Calgary Mayor Naheed Nenshi says it could take days or weeks to deal with damage caused by the second summer snowstorm to hit Alberta this month.

As most Canadians ease into autumn, residents of southern Alberta are contending with massive power outages, downed tree branches and slippery roads after yet another early blast of winter snow.

The amount of damage has not yet been assessed, Nenshi said, but warned cleanup wasn't going to happen overnight.

"We don't have a sense of it yet, but certainly, depending on the part of the city you're in ... I was shocked at the damage," he said, speaking at the city's emergency operations center.

While most schools remained open, some organizations – including the Calgary Zoo – were closed for business.
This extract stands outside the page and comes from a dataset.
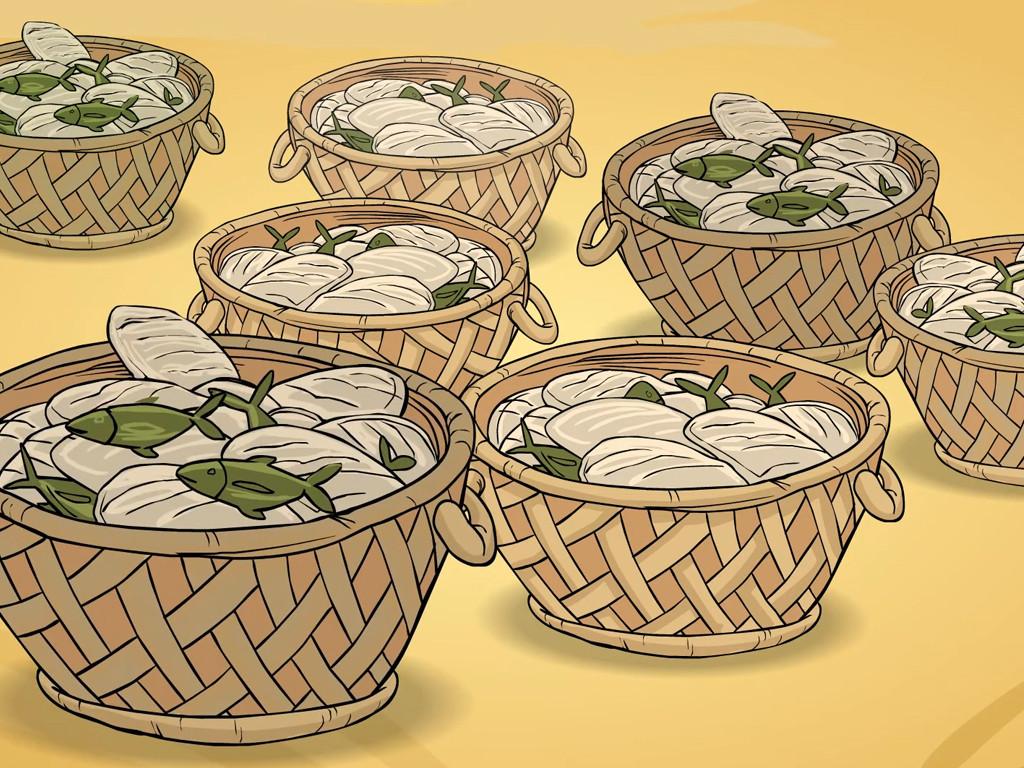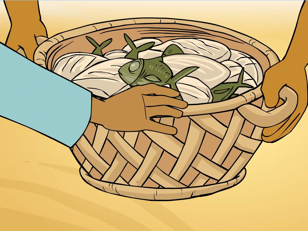 Die Jünger sagten: „Dieser Ort ist wie eine Wüste. Wo sollen wir genug Essen herbekommen, um so vielen zu essen zu geben?“ – Folie 7

The snow is weighing down trees, causing branches to snap and take down power lines. Nenshi said the city would likely lose hundreds of mature trees from the wet, heavy snow.

"We are going to see some real damage and that is an extraordinary shame," he said. "I know how hard generations of people in this community have worked to build the tree canopy, but right now our focus is to make sure those fallen ones don't hurt people and don't cause further damage."

About 10 centimetres of snow was expected to fall in Calgary throughout the day Wednesday, in addition to what had accumulated overnight. A heavy snowfall warning was in place for much of the morning, but ended by mid-afternoon.

Calgarians were already busy cleaning up after a first late-summer snowstorm brought several centimetres of snow to the city Monday --  a drastic change in weather conditions from Sunday, when a high of 25 C was recorded.

Wednesday's morning commute was messy, as Calgary police dealt with more than 50 reported crashes.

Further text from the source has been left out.